Earlier, we noted how hard it was to innovate on the desktop runtime. Deeply integrating a feature like this would just never fly there, because the Windows key would tell us it's too risky and the wins simply aren't worth it. We're not doing Span of now because we just thought of this. I actually started working in Span about six or seven years ago. Even then, we had the data. We knew what this was going to do for our framework, but we just couldn't justify the risk. But now that we have CoreCLR, we can innovate and we can take on these bigger projects. It was one of the most natural choices for us to do initially and we've had great benefit out of it.

So I've talked a lot about how much code can clean up and how much simpler things can get when we have Span. I think it's really hard to get that across without showing a demonstration of that. I'm going to take a laptop. Hopefully, I don't disconnect everything when I'm walking because I can't see the screen. This is a change where we're taking String.Equals, and this is how String.Equals used to be written, which is essentially loads of unsafe code. You can see a bit of loop enrolling, some ham loop unrolling there. There's lots of scary pointer math down there. We have some if defs for 32 bit and 64 bit platforms.
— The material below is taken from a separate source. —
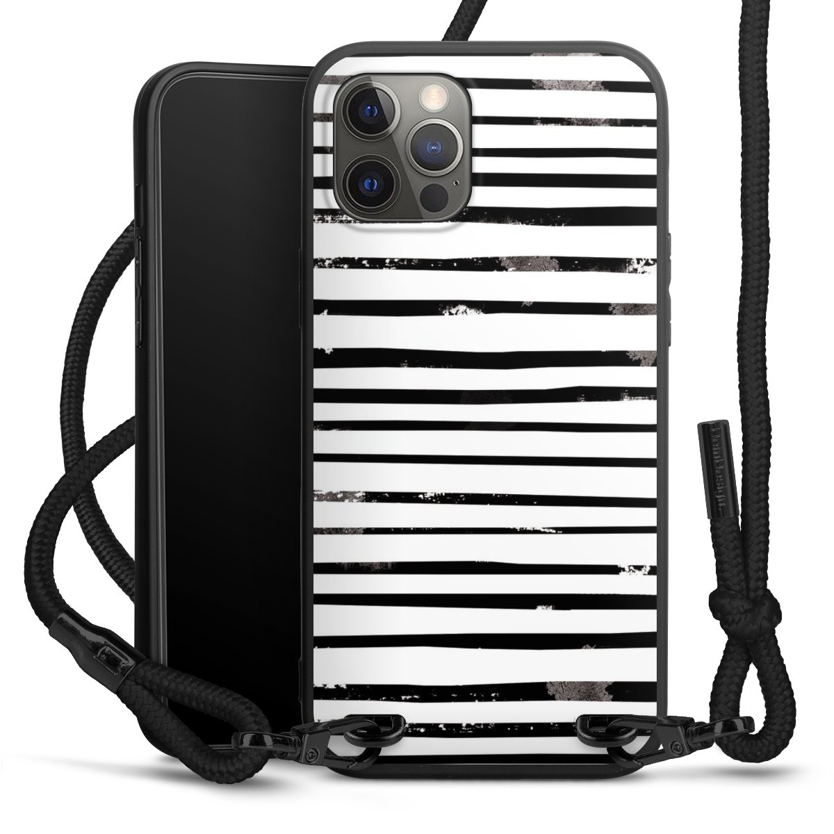 Pure Black: Phone case, fabric strap and metal details in stylish matt black.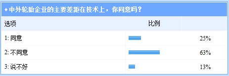 截至12月3日,调查结果显示,对于“中外轮胎企业的主要差距在技术上”的说法,有25%的参与者选择了“同意”,63%的参与者表示“不同意”,另有13%的人士选择了“说不好”。

This is not some fancy ordinal case comparison. This is memcmp. It is, take these two strings and tell me, is their memory exactly equal? Yet, in order to get the performance we needed out of String.Equals, this is how we had to write it. But now that we have Span, it's now just a simple compare these two bytes of memories. These sequence of bytes, are they equivalent? The best part about that change, where we removed all of this ugly unsafe code and replaced it with span code, is the code actually got faster.
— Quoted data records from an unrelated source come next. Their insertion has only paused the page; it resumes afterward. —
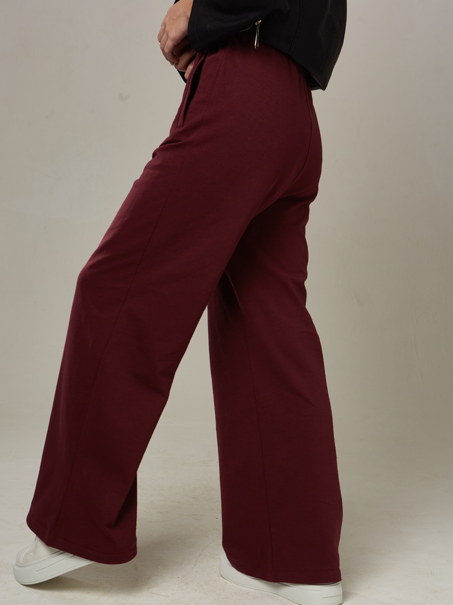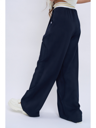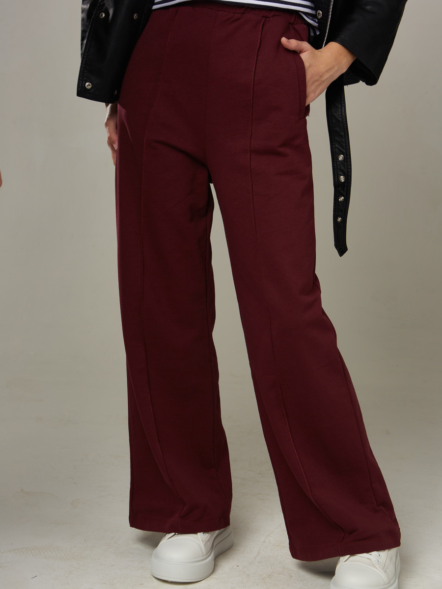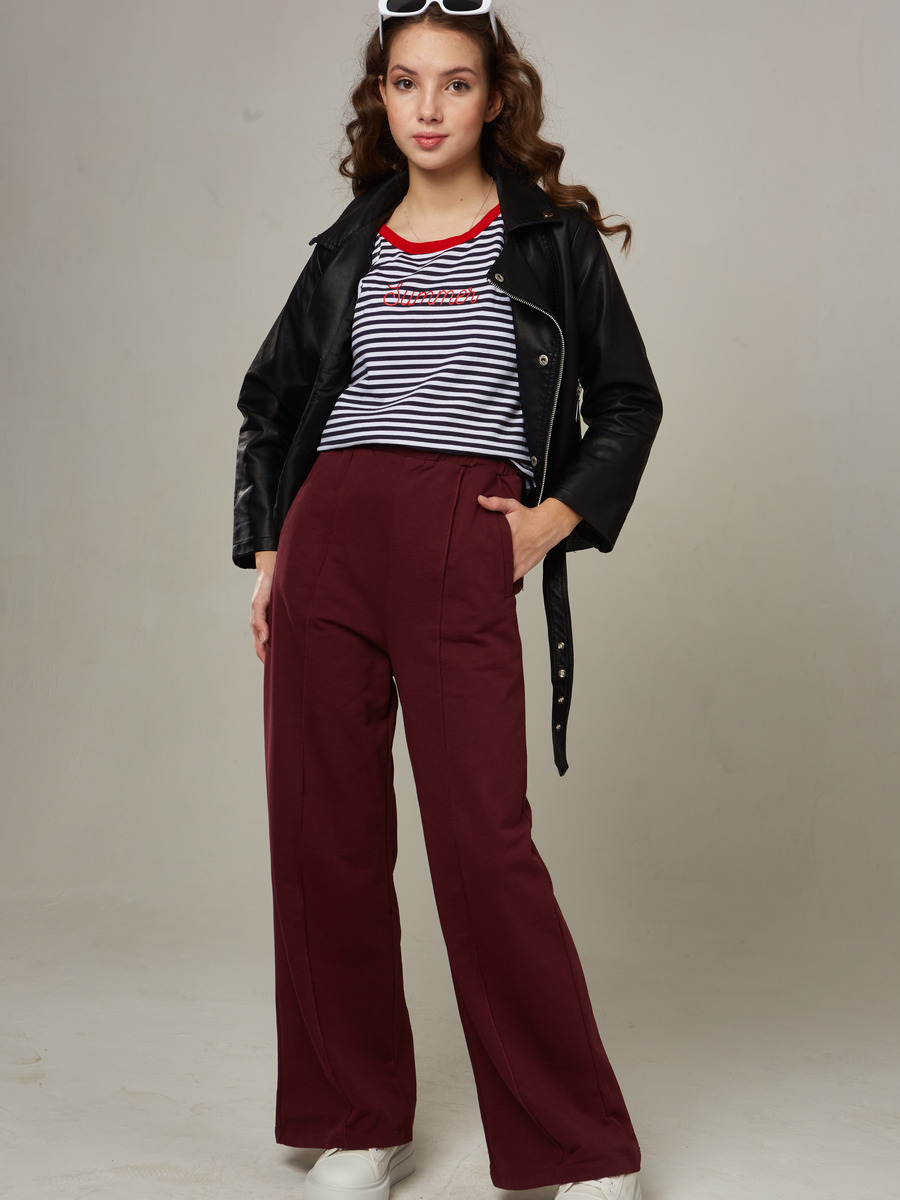 Брюки трикотажные для девочки, свободного силуэта, со средней посадкой. Пояс на резиновой тесьме с фиксатором, есть боковые прорезные карманы в "листочку".
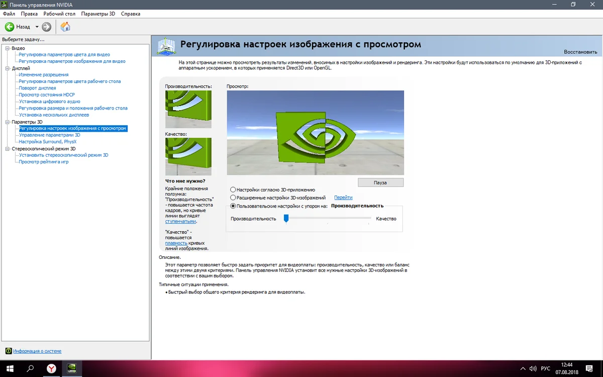 2.Зайдите в панель управления NVIDIA (Если она у вас есть) потом во кладку регулировка настроек изображения и ползунок выкручиваем на производительность как на этом изображении.
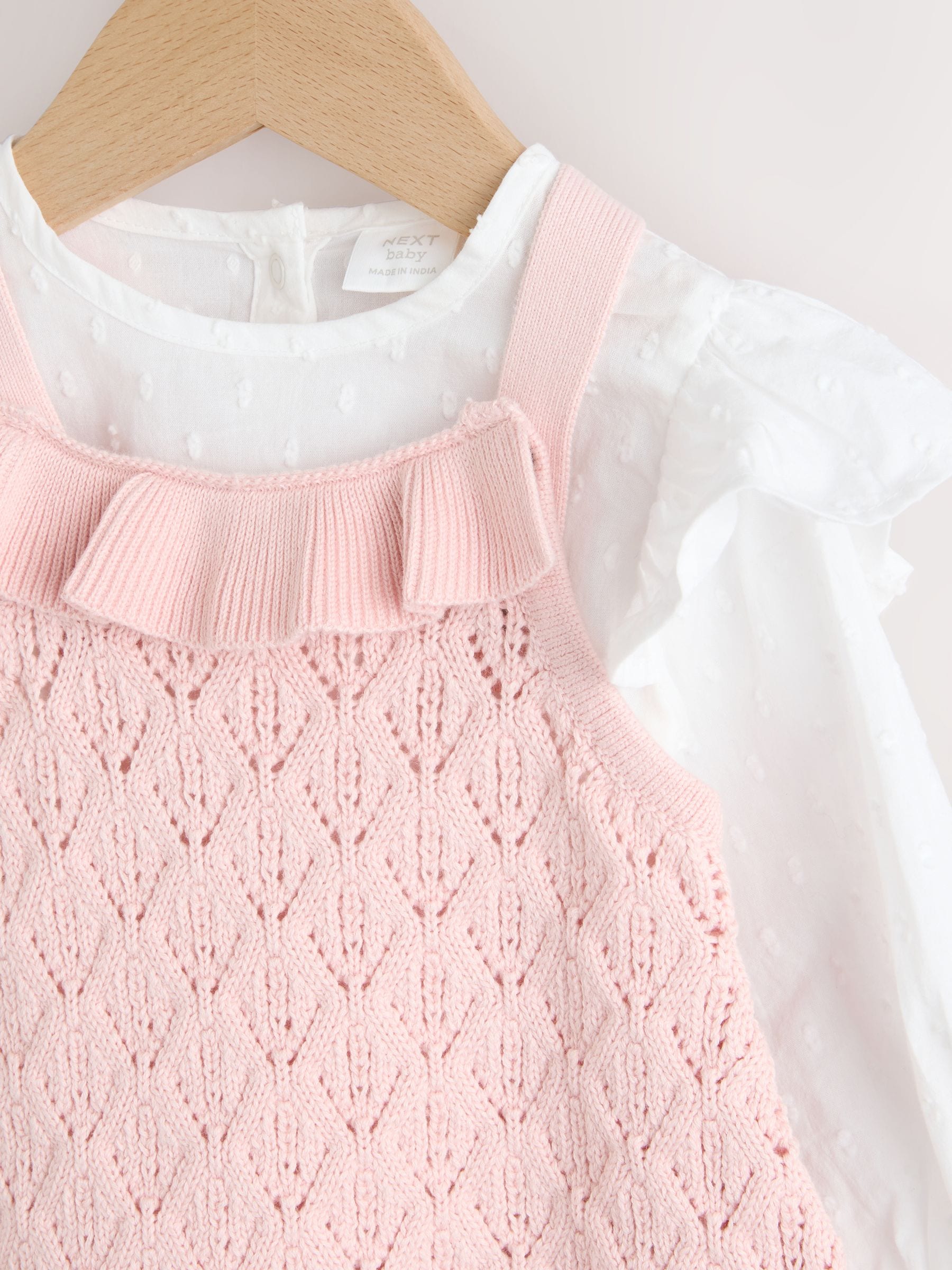 Pink/ White Baby Romper and Knitted Dungarees with Tights 3 Piece Set (0mths-2yrs)

Performance .NET Core 2.0 vs 2.1

So String.Equals is just one of the many places where we were able to take advantage of this in .NET Core stack. It was actually used within a large number of places that are most primitive types. Formatting and parsing is another place where our .NET application seemed to have an unnecessary number allocations due to tendency to allocate strings and sub-operations. For example, when you're printing an int into a string for formatting, we actually first take the int, we convert it to a string, and then we take that string and write it into the string builders. So we have this unnecessary intermediate representation.
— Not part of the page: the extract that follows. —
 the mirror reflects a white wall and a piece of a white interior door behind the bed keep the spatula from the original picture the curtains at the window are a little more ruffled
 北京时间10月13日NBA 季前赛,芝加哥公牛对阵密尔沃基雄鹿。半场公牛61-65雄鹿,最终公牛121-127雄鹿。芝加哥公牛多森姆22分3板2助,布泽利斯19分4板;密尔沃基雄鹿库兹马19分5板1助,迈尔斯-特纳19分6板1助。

This table shows a number of the performance benefits we were able to get by taking Span and pushing it all the way through our stack. I mentioned before String.Equals got about a third faster. String.Split got about third faster and moved about two thirds of the allocations. String.Format removed about one third of the allocations inside of it. And StringBuilder.Append, that got about twice as fast and removed 100% of the allocations. This is just kind of a subset of the stuff we fixed. There is link in the bottom here. That blog post goes over all the different performance improvements we were able to get out of this. So now these are all kind of microbenchmarks, and it's fair to wonder, "Would this actually matter in the real world? Or, "Are we just having fun with little benchmark application?"

Here's a graph from the team. So what you're seeing here, that precipitous drop, used to be on the desktop framework. They migrated to .NET Core 2.0. And then when they deployed 2.1, that drop, it represents a 34% drop in their latency numbers. The latency is pretty important to them. They have a lot of data on this. Through that data, we were able to dig in and understand what caused this big drop. All those methods I just showed before, String.Equals, that was the thing that they were fixing, and that was what was helping them out. So it's been very validating to get numbers like this and see that we've been able to have big impacts in real world applications. With that, I'm going to step back and let Mei-Chin talk about where we're going forward.

Where We’re Going

Tsai: With all the work that we put into .NET Core 2.1, we actually started to see migration waves. Bing, when we refer to Bing here, it's your front end of the Bing. And then this back end of the Bing is Azure on the path migrating to 2.1 as well. If you see a performance number like the slide before this, who wouldn't want it? PowerShell Core and Azure DevOps, I wouldn't read that on the slide, but these are all part of the mindset that would be currently engaging with us try to move to .NET Core.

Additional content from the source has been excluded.